Complex Strategy Drives The Fabulous Fear Machine

The Fabulous Fear Machine Preview

Forget optimism, kids. We live in a world dominated by any number of fears. Climate change, bioterror, out of control AI — these are just a few of the little imps hiding under the comfy bed of civilization. Worse yet, there are any number of people and organizations happy to exploit fear for their own power. That’s the elevator pitch for The Fabulous Fear Machine, a new strategy game from developer Fictiorama Studios.

Probably the first thing you’ll notice about The Fabulous Fear Machine is its comic-book art style. Everything looks ripped from the pages of a colorful — albeit gloom and doom-focused — comic. The actual game “board” is represented by a stylized tabletop map made of cardboard. The two approaches work, though I wonder why the map wasn’t just comic-book consistent. No matter.

While we’re talking about aesthetics, the preview is really bare bones in the audio department. For instance, the tutorial featured no sound at all. No music, no voiceovers, no audio effects for the cards being played. This could have been a glitch, because bugs abounded, including a game-crasher that forced me to replay the requisite tutorial twice. It’s clear that this machine still needs some grease and wrenching.

Wheels Within Wheels

All that aside, the core of The Fabulous Fear Machine is not dependent on graphics or art. It’s a narrative-driven single-player strategy game, with a strong emphasis on horror and fear. The scary stuff isn’t personal though, but societal and global.

Although its tutorial does a pretty awful job of sailing players across a sea of jargon and mechanics, the premise is sort of simple. You are a fearmonger, trying to terrorize the population more effectively than other masters of the scary. Blend together a little Sid Meier’s Civilization, Risk, and your favorite deck builder: that’s The Fabulous Fear Machine.

You start with a country, some fictional and some real-world. You place an agent in the capitol, and pick a Terror that you’d like to inflict your population with. These are all mental/emotional fears. So, you want the people to be immobilized by fear of a climate crisis; you’re not actually causing a climate catastrophe. The Terrors are your basic bread-and-butter existential nightmares like the fear of death or a biblical plague. Some “messages” (the game’s equivalent of quests) require the spread of a specific terror.
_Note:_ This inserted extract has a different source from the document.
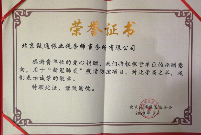 在全國上下齊心協力共同抵抗疫情時,致通振業稅務師事務所率先垂范。在大年初五,董事長李記有召開線上董事會,發出“抗擊疫情,我們也應該出一份力”的倡議,得到董事會成員、合伙人一致認同,并將募捐意見反映到北京稅協,積極聯系慈善總會,北京致通振業帶頭將十萬元用于此次疫情防控的款項打到了北京慈善總會和北京海博慈善基金會的賬戶上。
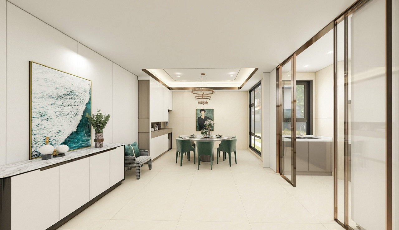 Phòng ngủ – phòng ăn: sắc màu dịu nhẹ giúp gia đình tận hưởng sự ấm áp, thư giãn sau một ngày dài.

As the angst spreads you earn Oleum (in real life a highly corrosive acid), which is kind of a cross between a currency and action points in an RPG. Your agent in a country or city is just a pawn. The end goal is to create a region-wide Legend and cause the most mental anguish.

Fearful Nesting Dolls

The above description only hints at the game’s systems, subsystems, and jargon. While I enjoyed the game’s comic art, the Fabulous Fear Machine’s vague and very similar sounding terms for actions and mechanics are both confusing and pretty poorly explained. The challenge of any complex strategy game is introducing its concepts in a slow, methodical and entertaining way. Between now and launch in 2024, this needs to be a goal.
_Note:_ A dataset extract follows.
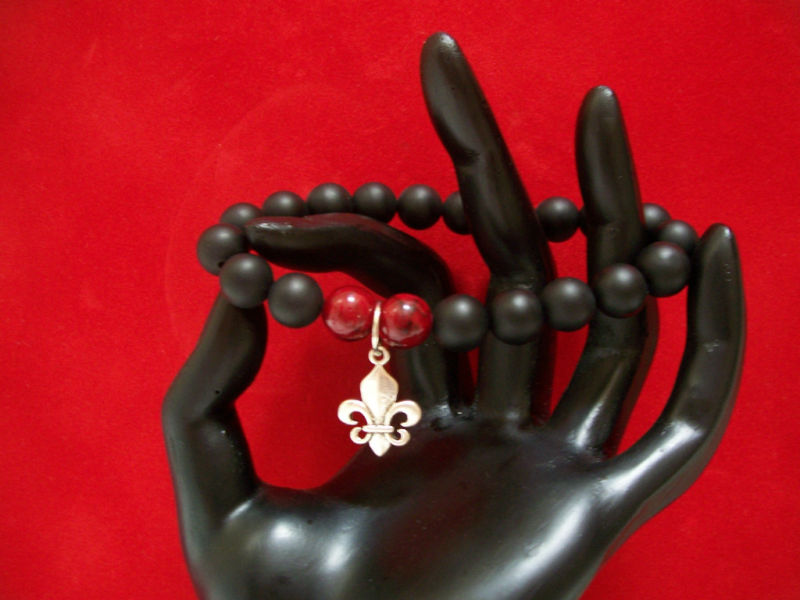 THIS BRACELET IS MADE FROM 10MM (just over 3/8") NATURAL MATTE ONYX STONE BEADS AND TWO RED DYED JADE BEADS WITH A 3D STERLING SILVER FLEUR DE LIS CHARM. FITS 7 TO 8 WRIST (STRETCHY). CAN BE MADE BIGGER OR SMALLER ~WHY PAY DESIGNER PRICES FOR THE EXACT LOOK AND QUALITY ~ WHEN YOU CAN PAY A FRACTION OF THE COST~

I would never suggest that a creator of games, fiction, or any other media shy away from any subject matter that interests them. The world needs serious, challenging,  and lighthearted entertainment and every shade in between. There’s a dark comic sensibility to the Fabulous Fear Machine that I totally get, and which the developers unapologetically embrace. There’s some silliness, and nothing’s taken too seriously. Some might say that a game in which the goal is to spread misery and emotional anguish — comic exaggeration or not — is just a little too close to the real world. But, to paraphrase the theme song from MST3K, “relax, it’s just a game.”